El salmo que inspira el lema –Tú, Señor, eres mi Esperanza (Sal 71,5)– se convierte en eco de la experiencia de tantos que viven al borde: sin seguridad, sin recursos, sin voz. Y, sin embargo, su mirada al cielo, su súplica rendida y su dependencia de Dios revelan para nosotros un testimonio de confianza que no flaquea. El Señor espera y desea que le reconozcamos en el pobre. Este es, quizá, el culmen silencioso de la fe cristiana, porque no es un acto exterior, sino una revelación interior. El pobre no es únicamente destinatario de nuestra compasión, es sacramento vivo de la presencia de Cristo, donado en su fragilidad más absoluta. San Juan Crisóstomo lo revelaba con una fuerza extraordinaria: «¿Quieres honrar el cuerpo de Cristo?

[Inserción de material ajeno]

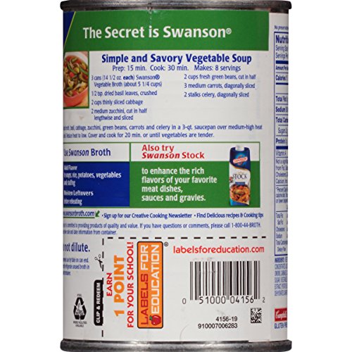 Crafted with farm-grown vegetables that were picked at the peak of freshness^100% natural, 99% fat free, gluten-free, vegetarian^No MSG added*, no preservatives or artificial flavors*Except for a small amount of glutamate that naturally occurs in yeast extract^Use to add flavor to soups, rice, potatoes, vegetables and stuffing. For recipe ideas, visit SwansonBroth.com^Packaged in a recyclable steel can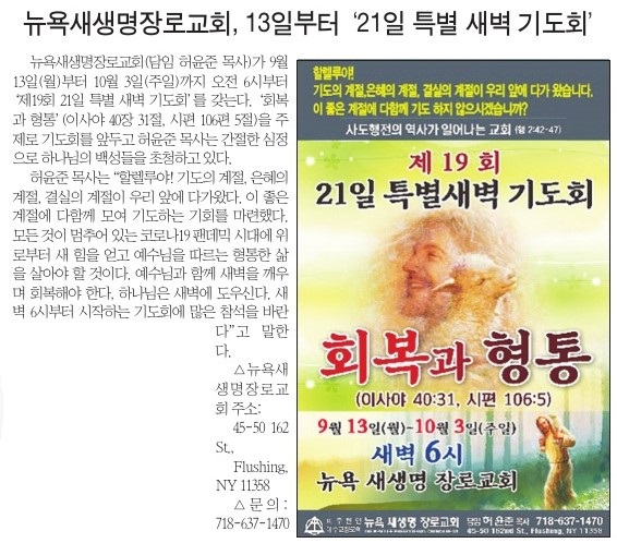 복음뉴스 제공 2021년 9월 8일(수) 자 뉴욕일보 A2면 기사

No lo desprecies cuando lo veas desnudo; no lo honres aquí en el templo con telas de seda mientras fuera lo dejas sufrir frío y desnudez» (Homilía sobre Mateo, 50, 3).
En el mensaje para esta Jornada, el Papa León XIV nos recuerda que los pobres «no son una distracción para la Iglesia», sino «nuestros hermanos y hermanas amados, pues con sus vidas, sus palabras y su sabiduría nos ponen en contacto con la verdad del Evangelio». Este enfoque nos ayuda a cambiar el paradigma: no se trata únicamente de dar una limosna, sino de sentarnos a su lado, compartir su dolor, mirarles a los ojos, preguntarles su nombre, tomarles la mano, contemplar su soledad y reconocer en ellos una presencia que nos evangeliza. Os invito a hacerlo, lejos de la prisa por cumplir un deber, con el corazón dispuesto a recibir y aprender.
Nuestra fe alcanza su plenitud cuando descubrimos esta verdad absoluta: que Dios se deja encontrar en el mendigo, en el enfermo, en el anciano, en el solitario; y que, al tenderle la mano, entramos en comunión con el propio Señor, que nos dice a media voz: «Lo que hicisteis con uno de estos pequeños, conmigo lo hicisteis» (Mt 25,40).
En el rostro del que sufre, Cristo se oculta y se revela; espera ser reconocido, amado, tocado. San Juan Crisóstomo plantea otra pregunta desarmante: «¿Qué ventaja puede tener Cristo si la Mesa del sacrificio está llena de vasos de oro, mientras luego se muere de hambre en la persona del pobre?». Celebremos hoy que la esperanza ha tomado carne en aquel que tiene falta y que el pobre no es solo un problema a resolver, sino un misterio a contemplar, pues en su rostro nos mira el Señor Jesús. Caminemos juntos hacia una humanidad nueva, donde ninguno sea invisible, donde todos seamos hermanos.